There’s a new king of the hill when it comes to brokerage firm website rankings, at least according to Gomez’s rankings. For the third quarter of 2002, Salomon Smith Barney took over the reins atop Gomez’s list, besting Merrill Lynch, which had held the No.1 spot for the past two years.
According to the Waltham, Mass.-based Gomez, SSB’s recent site redesign and general usability overhaul were the major factors in their place at the top. Merrill’s drop might be attributed to their lack of changes to their site, which remains the same as it was when in launched in 1999, according to Gomez. However, Merrill is in the midst of a revamping, so changes might be expected in the future. UBS PaineWebber finished third in the survey.
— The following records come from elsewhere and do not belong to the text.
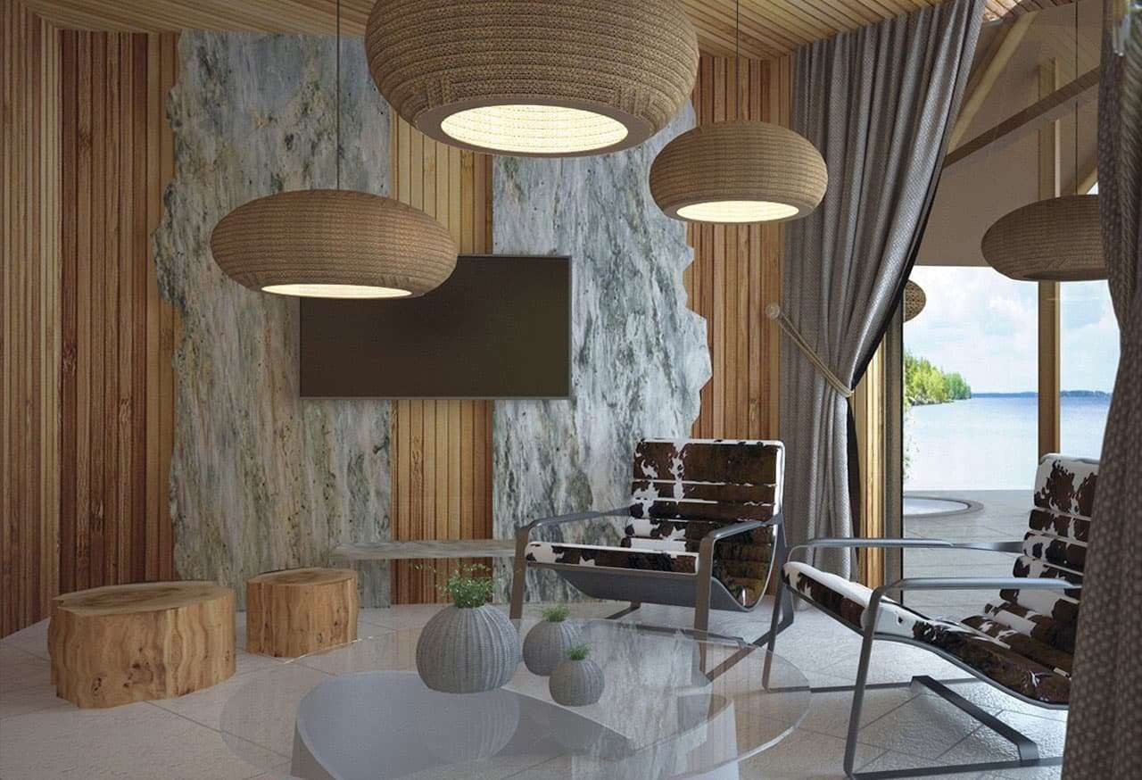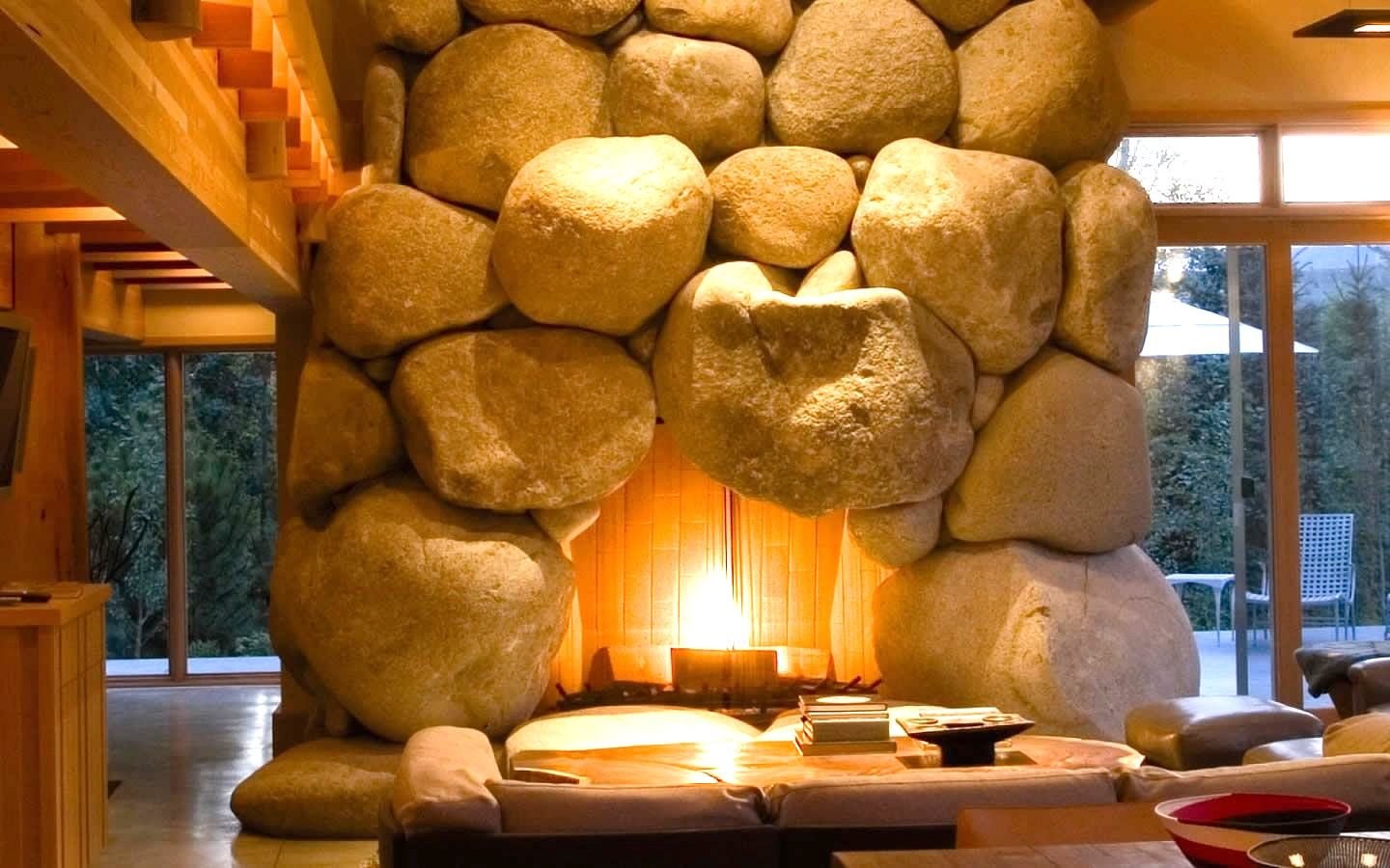 Сочетание камня и дерева в интерьере
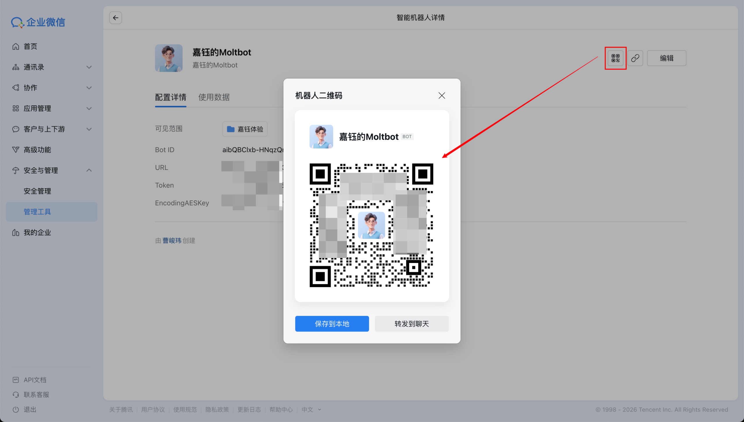 创建成功后,在接下来的页面中找到企业微信机器人的二维码,用手机扫码后添加。
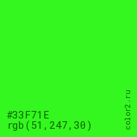 Цвет #33F71E в цветовой модели RGB обозначается тремя октетами (51, 247, 30) в десятичном формате и #33F71E в шестнадцатиричном (hex) формате, которые являются интенсивностью красного 51 (hex 33), интенсивность зелёного 247 (hex F7) и интенсивность синего 30 (hex 1E).

Improved usability seems to be the primary reason for SSB’s jump from three to one on the list. “We put a lot of emphasis on ease of use,” says Dan Burke, director of brokerage services at the group. “Two years ago, it was ‘what can you offer.’ Now it is ‘what can you deliver.’”
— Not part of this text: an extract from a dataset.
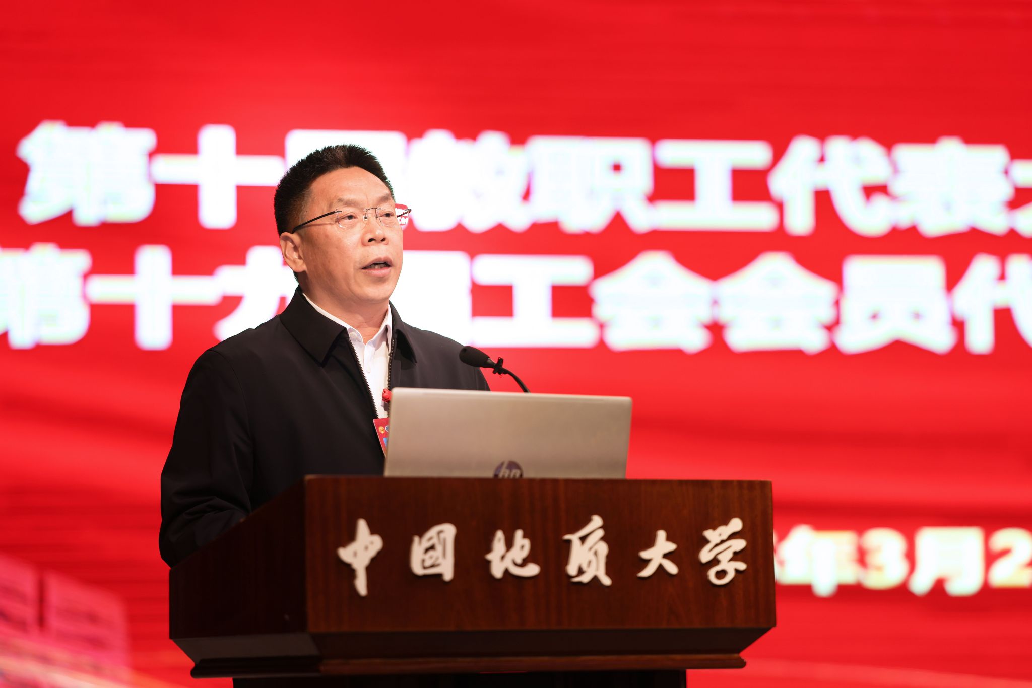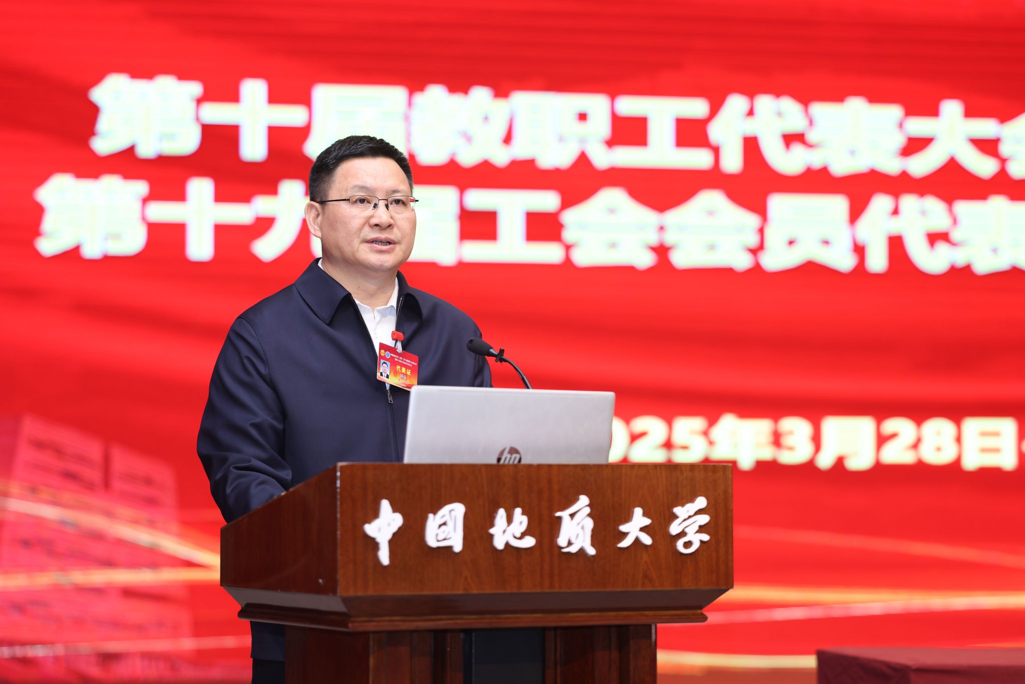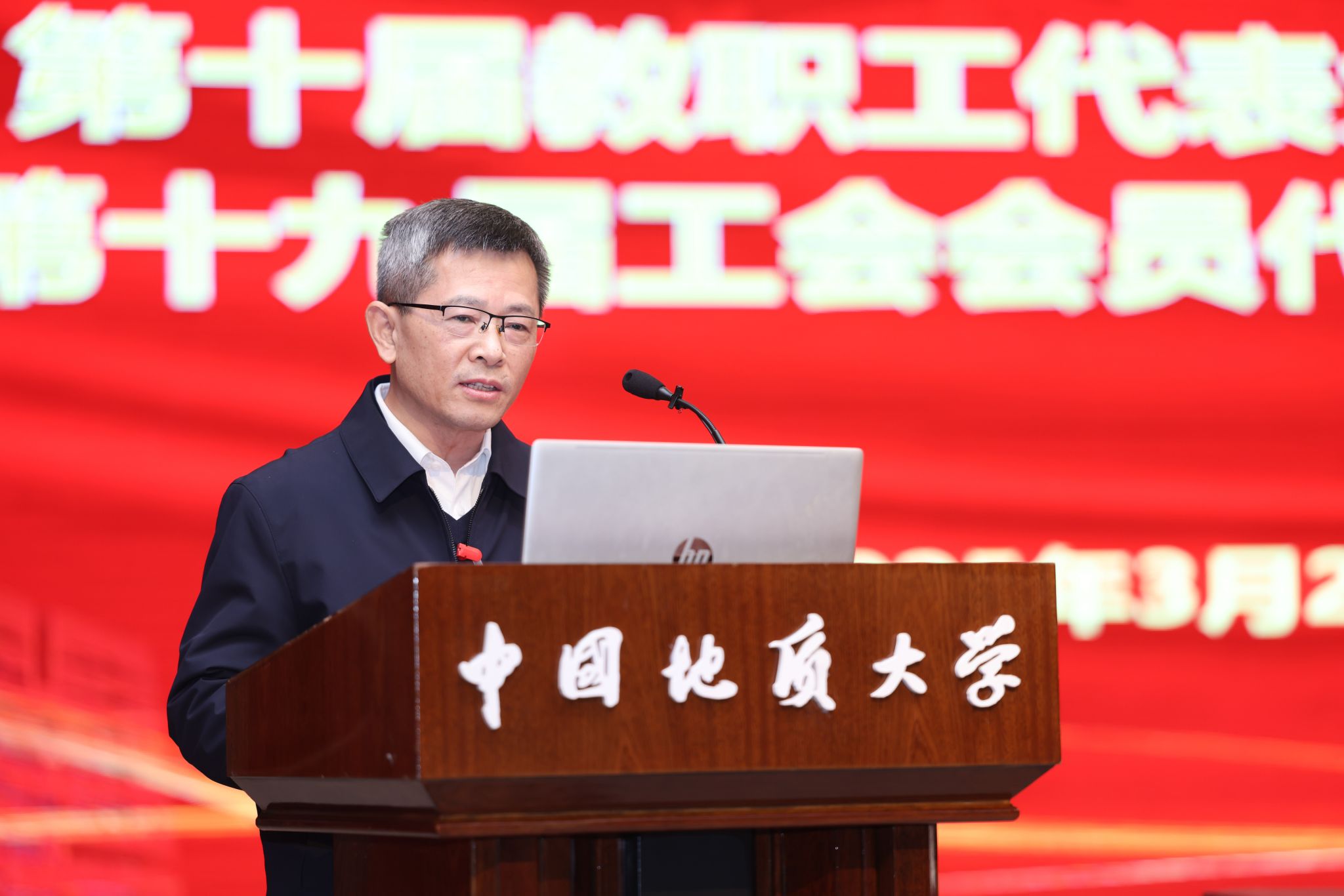校党委副书记、工会主席王甫作教代会、工代会工作报告。他回顾了2024年的主要工作,强调2025年要在学校党委和上级工会的领导下,紧紧围绕学校“深化改革年”目标任务,充分发挥组织优势和桥梁纽带作用,着力实现思想引领有成效、民主建设有作为、职工群众有收获、工会组织有活力、服务大局有贡献,团结动员全体教职工为全面推进教育强国建设地大实践努力奋斗。

Gómez scorecards measure the quality of e-commerce offerings and efficiency of a firm’s Web site, according to numerous criteria, such as whether a site offers Saturday telephone customer service. Then, Gómez puts each criterion into one of five categories: ease of use, customer confidence, on-site resources, relationship services, and overall cost, and ranks the firms accordingly.
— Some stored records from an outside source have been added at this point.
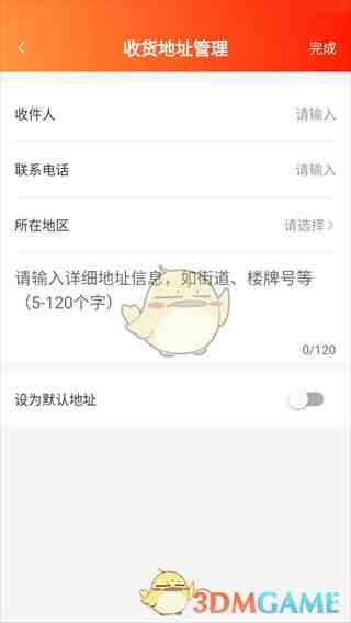 4、进(jin)入收货地址管(guan)理(li)界(jie)面(mian),输(shu)入收件人、联系电话、所在(zai)地(di)区、详(xiang)细地址信(xin)息(xi),點击"完成(wancheng)"
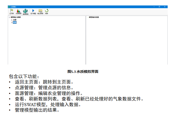 水质模拟预测:输入点源水质、施肥、农药、灌溉种类等信息后,进行包括污染物产生、入河、在河道及地下环境中的迁移转化过程的水质模拟预测。
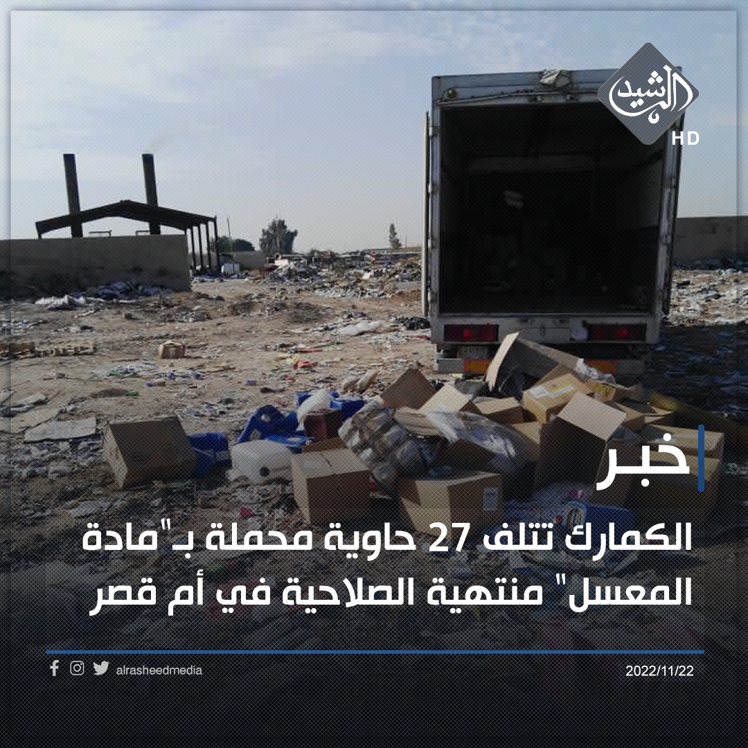 الكمارك تتلف ٢٧ حاوية محملة بـ"مادة المعسل" منتهية الصلاحية في أم قصر

Creating user-friendly screening tools on a site, such as a stock selection tool, can create opportunities for a firm’s business, Burke said: “On average, investors who used screening tools traded 50 percent more off-line than those who did not,” says Burke. Scorecard findings also reveal investors who used screening tools tend to have almost twice the income and three times the investable assets than the active investor who doesn't use the tools.